====== Data shown ======

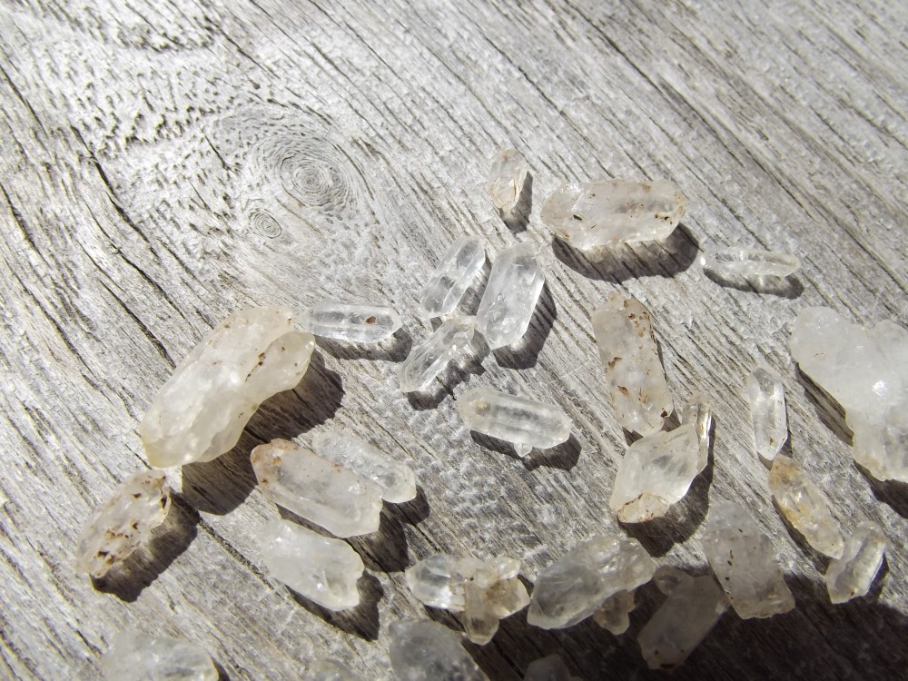 3. On peu supposer qu'il s'agit des quartz des couches "marnes et caillasses du lutétien", qu'on retrouve non loin. http://ficheinfoterre.brgm.fr/Notices/0182N.pdf Sinon, pourquoi pas du gypse mal dessiné ? Quartz des marnes et caillasses lutétiennes de l'Oise :
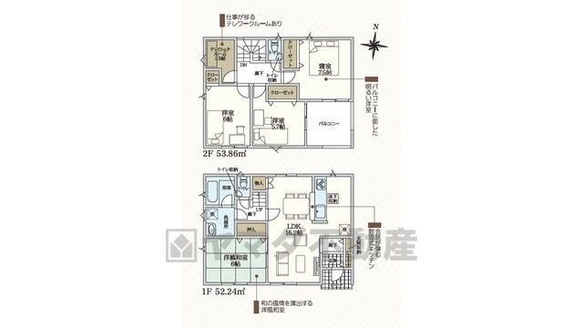 LDK16.2畳、和6畳、洋6畳、洋5.7畳、洋7.5畳、S2.5畳 |
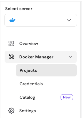 - In the left sidebar, click on Docker Manager and select the Projects sub-menu.

======

Pictures are to be omitted. Output verbatim only the lines from the one holding "LDK16.2畳、和6畳、洋6畳、洋5.7畳、洋7.5畳、S2.5畳 |" through the end of the material, both included.

 LDK16.2畳、和6畳、洋6畳、洋5.7畳、洋7.5畳、S2.5畳 |
 - In the left sidebar, click on Docker Manager and select the Projects sub-menu.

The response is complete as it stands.